What the task asks = Begin at the line containing "KnitKarma Location: Gilda's" in the records below, end at the line containing "Zástěra je z", and retype each line in that span exactly. No other line and no image should appear.

Task material =
━━━━━━━━━━━━━━━━
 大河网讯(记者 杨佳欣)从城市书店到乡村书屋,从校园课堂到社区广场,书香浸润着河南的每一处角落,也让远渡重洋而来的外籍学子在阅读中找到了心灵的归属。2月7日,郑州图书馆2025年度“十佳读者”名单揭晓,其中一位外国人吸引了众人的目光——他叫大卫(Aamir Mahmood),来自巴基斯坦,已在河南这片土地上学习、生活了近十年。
━━━━━━━━━━━━━━━━
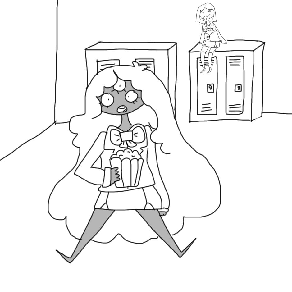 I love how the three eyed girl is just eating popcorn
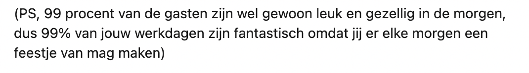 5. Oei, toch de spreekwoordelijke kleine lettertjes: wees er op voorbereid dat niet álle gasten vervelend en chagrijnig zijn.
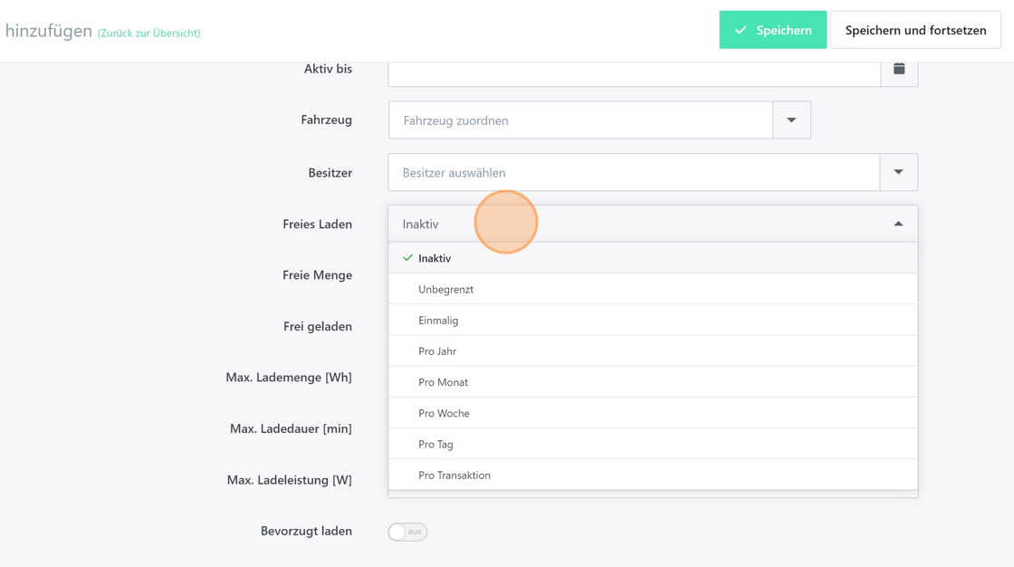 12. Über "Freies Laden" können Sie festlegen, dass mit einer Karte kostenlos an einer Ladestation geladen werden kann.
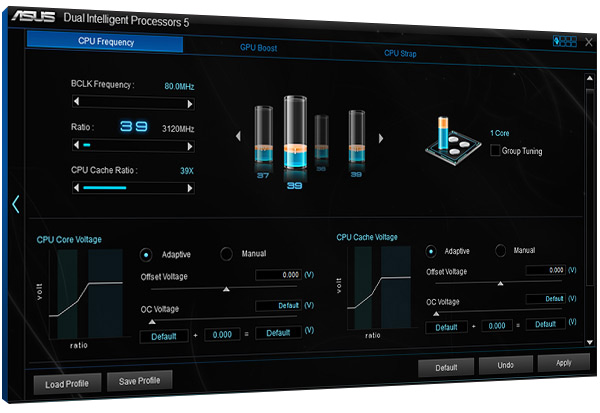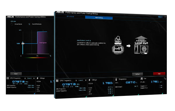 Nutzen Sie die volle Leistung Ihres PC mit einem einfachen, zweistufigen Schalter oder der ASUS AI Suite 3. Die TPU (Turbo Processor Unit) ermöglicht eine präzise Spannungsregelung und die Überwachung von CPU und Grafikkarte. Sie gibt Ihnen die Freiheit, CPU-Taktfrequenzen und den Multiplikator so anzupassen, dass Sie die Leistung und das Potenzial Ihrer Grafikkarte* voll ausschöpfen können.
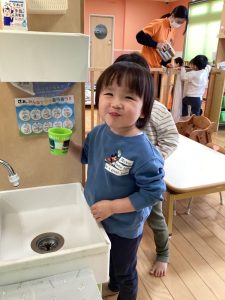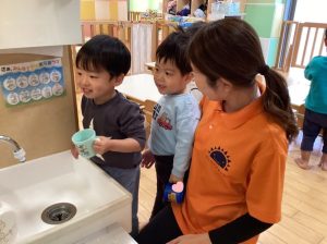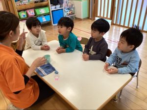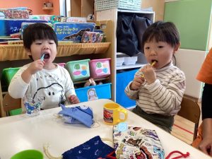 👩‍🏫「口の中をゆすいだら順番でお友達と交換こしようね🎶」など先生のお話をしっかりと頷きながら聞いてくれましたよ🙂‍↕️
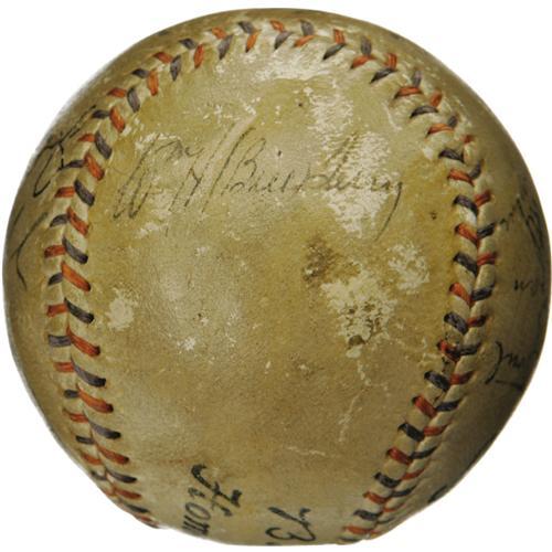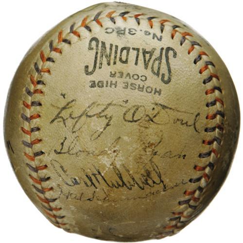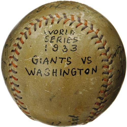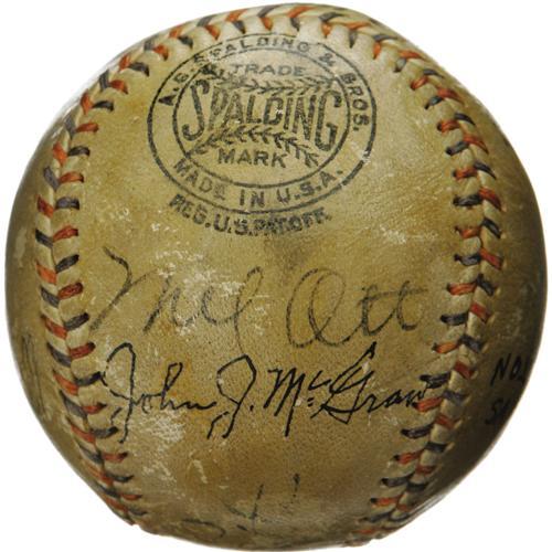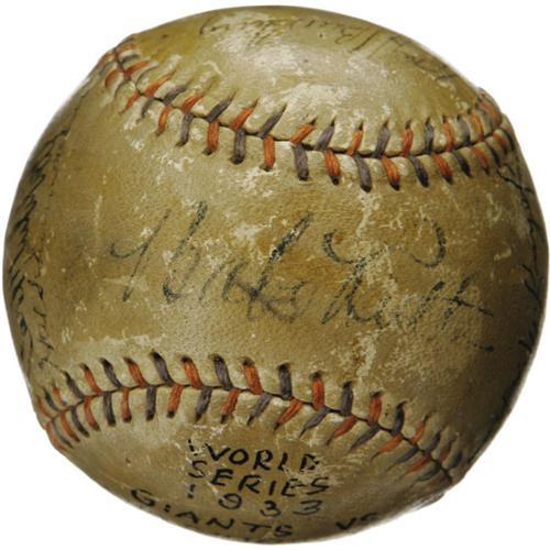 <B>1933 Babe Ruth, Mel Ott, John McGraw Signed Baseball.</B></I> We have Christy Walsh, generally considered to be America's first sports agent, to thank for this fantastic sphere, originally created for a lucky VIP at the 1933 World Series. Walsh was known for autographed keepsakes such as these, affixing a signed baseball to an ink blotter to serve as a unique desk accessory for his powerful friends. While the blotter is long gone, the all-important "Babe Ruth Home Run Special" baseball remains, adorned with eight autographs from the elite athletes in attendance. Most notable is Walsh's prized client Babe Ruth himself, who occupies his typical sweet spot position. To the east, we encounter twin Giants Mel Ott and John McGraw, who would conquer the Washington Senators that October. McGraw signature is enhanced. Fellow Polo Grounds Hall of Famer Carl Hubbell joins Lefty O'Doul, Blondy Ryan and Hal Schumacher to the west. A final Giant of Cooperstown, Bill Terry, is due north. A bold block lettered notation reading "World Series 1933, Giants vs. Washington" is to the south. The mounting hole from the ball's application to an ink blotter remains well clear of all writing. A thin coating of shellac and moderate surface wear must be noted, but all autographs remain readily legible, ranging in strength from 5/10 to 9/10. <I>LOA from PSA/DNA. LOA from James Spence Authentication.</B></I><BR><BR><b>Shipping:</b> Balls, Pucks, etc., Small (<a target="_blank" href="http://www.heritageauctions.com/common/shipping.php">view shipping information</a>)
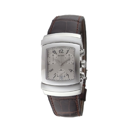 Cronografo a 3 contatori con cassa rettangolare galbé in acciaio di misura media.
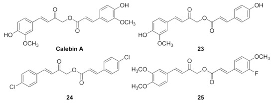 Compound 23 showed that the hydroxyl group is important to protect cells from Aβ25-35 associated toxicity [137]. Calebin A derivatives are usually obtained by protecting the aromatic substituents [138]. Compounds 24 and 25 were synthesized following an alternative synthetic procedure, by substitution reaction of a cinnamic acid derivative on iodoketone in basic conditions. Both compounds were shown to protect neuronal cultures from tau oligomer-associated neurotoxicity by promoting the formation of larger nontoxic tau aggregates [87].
━━━━━━━━━━━━━━━━
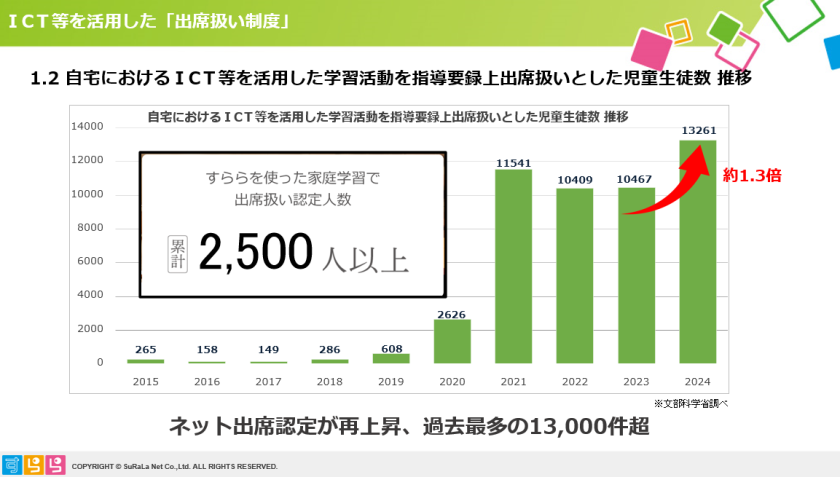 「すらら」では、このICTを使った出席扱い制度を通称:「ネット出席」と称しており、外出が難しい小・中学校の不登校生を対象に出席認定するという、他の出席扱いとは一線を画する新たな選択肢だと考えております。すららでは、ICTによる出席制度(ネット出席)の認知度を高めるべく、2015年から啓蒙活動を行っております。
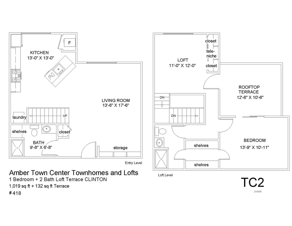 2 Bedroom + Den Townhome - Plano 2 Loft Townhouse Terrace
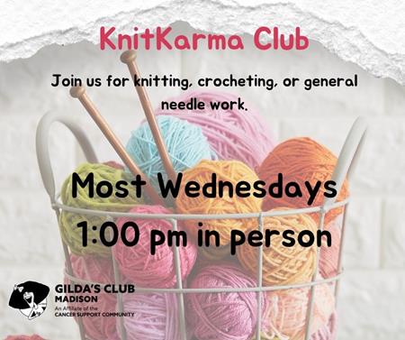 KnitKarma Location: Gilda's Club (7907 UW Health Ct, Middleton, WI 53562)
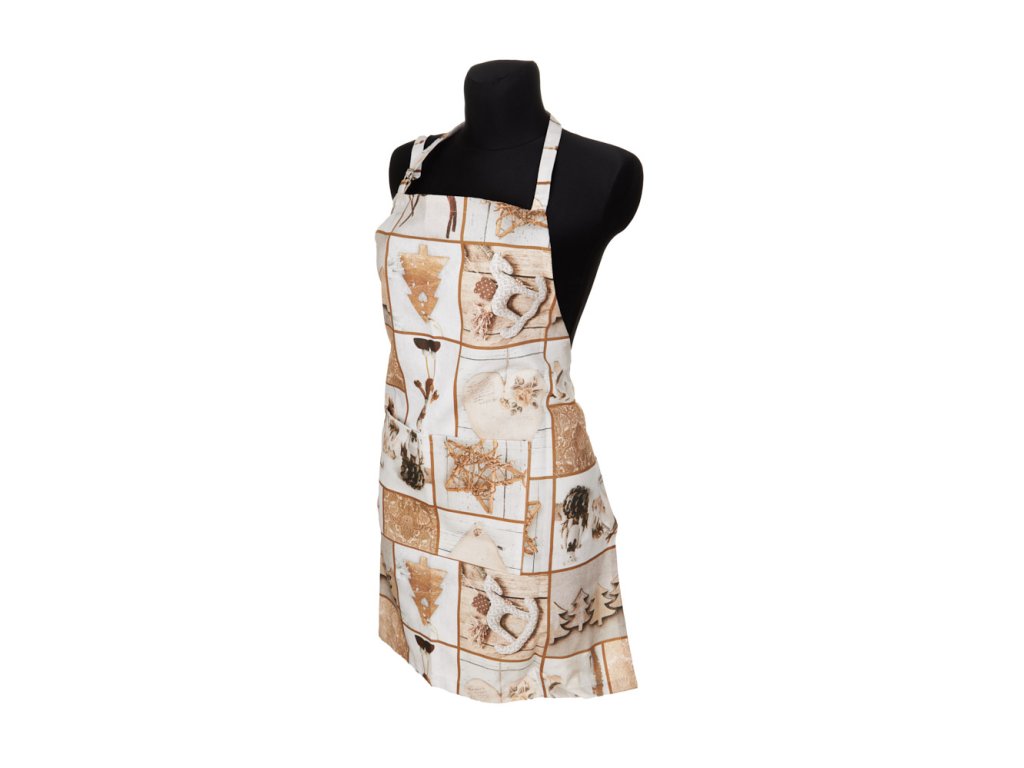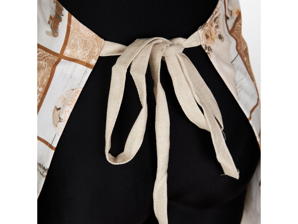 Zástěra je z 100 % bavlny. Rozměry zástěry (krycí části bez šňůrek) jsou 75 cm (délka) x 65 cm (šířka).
━━━━━━━━━━━━━━━━
Expected answer =
 KnitKarma Location: Gilda's Club (7907 UW Health Ct, Middleton, WI 53562)
 Zástěra je z 100 % bavlny. Rozměry zástěry (krycí části bez šňůrek) jsou 75 cm (délka) x 65 cm (šířka).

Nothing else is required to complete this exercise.